THE TASK: Note on the material below: return exactly the lines from the line that holds "Custom jersey with" through the line that holds "在普吉島,團隊體驗了當?sh", and leave out each picture.

DATASET ENTRIES:
^^^^^^^^

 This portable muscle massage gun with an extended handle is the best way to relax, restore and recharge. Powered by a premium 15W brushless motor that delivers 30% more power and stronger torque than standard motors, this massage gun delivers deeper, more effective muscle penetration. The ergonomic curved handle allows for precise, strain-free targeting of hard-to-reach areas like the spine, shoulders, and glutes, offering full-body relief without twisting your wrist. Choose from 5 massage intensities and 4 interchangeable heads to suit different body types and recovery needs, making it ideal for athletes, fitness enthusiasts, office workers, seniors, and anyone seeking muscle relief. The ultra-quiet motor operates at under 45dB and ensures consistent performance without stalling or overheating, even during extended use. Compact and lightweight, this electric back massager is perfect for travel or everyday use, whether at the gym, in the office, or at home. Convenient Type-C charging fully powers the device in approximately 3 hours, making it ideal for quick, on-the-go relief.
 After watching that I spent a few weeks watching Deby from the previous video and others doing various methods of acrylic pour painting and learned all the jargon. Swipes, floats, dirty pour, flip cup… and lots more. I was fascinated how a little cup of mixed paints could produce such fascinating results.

^^^^^^^^

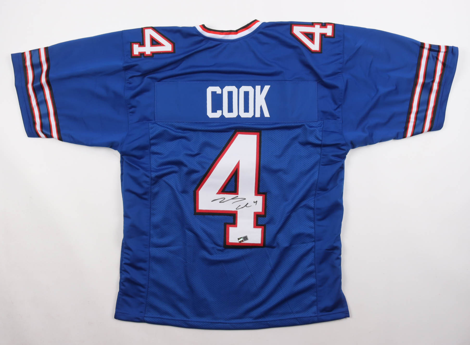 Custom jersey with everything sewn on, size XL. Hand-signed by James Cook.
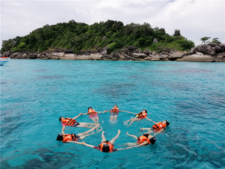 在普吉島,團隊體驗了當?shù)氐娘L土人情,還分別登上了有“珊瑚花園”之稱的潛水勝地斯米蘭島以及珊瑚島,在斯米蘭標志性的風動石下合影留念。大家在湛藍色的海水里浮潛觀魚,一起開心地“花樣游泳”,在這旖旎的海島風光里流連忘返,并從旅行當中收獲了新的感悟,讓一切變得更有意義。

^^^^^^^^

TASK RESULT:
 Custom jersey with everything sewn on, size XL. Hand-signed by James Cook.
 在普吉島,團隊體驗了當?shù)氐娘L土人情,還分別登上了有“珊瑚花園”之稱的潛水勝地斯米蘭島以及珊瑚島,在斯米蘭標志性的風動石下合影留念。大家在湛藍色的海水里浮潛觀魚,一起開心地“花樣游泳”,在這旖旎的海島風光里流連忘返,并從旅行當中收獲了新的感悟,讓一切變得更有意義。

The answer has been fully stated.